Know when not to steer

A conformalized improvement head refuses to steer when language is unlikely to help, preventing performance degradation out-of-distribution without hurting in-distribution success, with a provable false-positive-rate guarantee.

Closed-loop recovery

Because feedback is issued closed-loop, the policy discovers recovery behaviors — re-eliciting existing low-level skills at the right time — that are not observed with open-loop prompt rephrasing.

Method

We instantiate our approach in three phases. Use the tabs to step through each one.

Results

We evaluate in simulation (LIBERO-OOD) and on hardware (Franka Emika), asking: (Q1) how does language steering compare to the base VLA and direct VLA fine-tuning in in-distribution performance, out-of-distribution robustness, and sample complexity? (Q2) can conformal calibration prevent harmful steering? (Q3) is closed-loop feedback necessary, or is open-loop prompt search enough? Our LFP π^RFT (with refusal) and its calibrated variant π^CP are compared against the base VLA (π^VLA), direct VLA fine-tuning (π^VLA-SFT), the off-the-shelf VLM (π^Base), and the narrated SFT policy (π^SFT). Hover any point or bar for its value ± standard error.

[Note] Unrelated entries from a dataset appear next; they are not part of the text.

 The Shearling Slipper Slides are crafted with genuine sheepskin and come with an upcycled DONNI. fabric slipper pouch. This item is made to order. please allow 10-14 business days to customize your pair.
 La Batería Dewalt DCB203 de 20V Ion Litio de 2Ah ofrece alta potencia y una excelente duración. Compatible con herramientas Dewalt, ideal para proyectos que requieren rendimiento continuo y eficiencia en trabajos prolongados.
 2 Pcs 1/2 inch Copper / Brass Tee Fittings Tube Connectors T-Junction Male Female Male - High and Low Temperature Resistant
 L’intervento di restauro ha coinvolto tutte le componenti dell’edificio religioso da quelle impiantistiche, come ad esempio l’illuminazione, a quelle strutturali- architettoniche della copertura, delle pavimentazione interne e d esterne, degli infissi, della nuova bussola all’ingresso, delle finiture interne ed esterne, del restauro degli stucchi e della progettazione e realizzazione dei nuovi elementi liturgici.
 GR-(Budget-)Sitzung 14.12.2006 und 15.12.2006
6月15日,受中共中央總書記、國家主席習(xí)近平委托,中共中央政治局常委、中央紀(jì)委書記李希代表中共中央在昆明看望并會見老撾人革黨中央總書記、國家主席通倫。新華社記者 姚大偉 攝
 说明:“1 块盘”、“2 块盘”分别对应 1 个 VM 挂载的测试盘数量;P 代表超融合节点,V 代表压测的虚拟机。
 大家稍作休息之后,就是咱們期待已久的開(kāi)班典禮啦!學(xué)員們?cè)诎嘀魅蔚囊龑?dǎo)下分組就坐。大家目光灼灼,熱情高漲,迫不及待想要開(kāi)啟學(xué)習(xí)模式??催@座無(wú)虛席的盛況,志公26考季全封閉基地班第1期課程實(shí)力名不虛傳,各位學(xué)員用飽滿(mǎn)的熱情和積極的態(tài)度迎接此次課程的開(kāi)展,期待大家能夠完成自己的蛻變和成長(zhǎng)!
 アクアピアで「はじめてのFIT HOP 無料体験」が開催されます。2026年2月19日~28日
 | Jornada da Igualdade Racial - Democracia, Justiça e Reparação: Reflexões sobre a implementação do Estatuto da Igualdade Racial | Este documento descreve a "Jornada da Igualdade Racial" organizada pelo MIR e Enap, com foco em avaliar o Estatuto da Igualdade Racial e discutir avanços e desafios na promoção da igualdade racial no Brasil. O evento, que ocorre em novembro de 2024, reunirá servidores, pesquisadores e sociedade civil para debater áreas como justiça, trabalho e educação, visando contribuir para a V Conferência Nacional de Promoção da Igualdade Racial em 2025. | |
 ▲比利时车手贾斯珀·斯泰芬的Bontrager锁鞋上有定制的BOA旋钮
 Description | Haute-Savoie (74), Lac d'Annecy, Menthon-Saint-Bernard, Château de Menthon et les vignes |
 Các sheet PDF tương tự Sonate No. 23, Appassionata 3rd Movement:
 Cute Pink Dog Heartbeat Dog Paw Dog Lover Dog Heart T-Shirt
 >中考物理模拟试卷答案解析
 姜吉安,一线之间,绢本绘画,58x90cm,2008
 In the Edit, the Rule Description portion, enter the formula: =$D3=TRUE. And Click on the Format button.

Qualitative Hardware Rollouts

Each pair shows base VLA failure (left) and language steered VLA success (right) for the selected hardware task and perturbation. Choose a task, then a perturbation condition.

Condition

Base VLA (failure) vs. Language Steered VLA (success)

Base VLA (failure)

Language Steered VLA (success)

0:00 / 0:00

Closed-Loop Recovery

Closed-loop steering provides robustness to adversarial mid-task perturbations. After the robot correctly places the green cube, a person moves it back into the scene. The base VLA continues from the original instruction and misplaces the cube, while π^RFT observes the changed state, emits an updated language action ℓ_t (“Put the green block in the blue bin”), and steers the frozen VLA to recover — a behavior not seen with open-loop prompting. (Playback 2×.)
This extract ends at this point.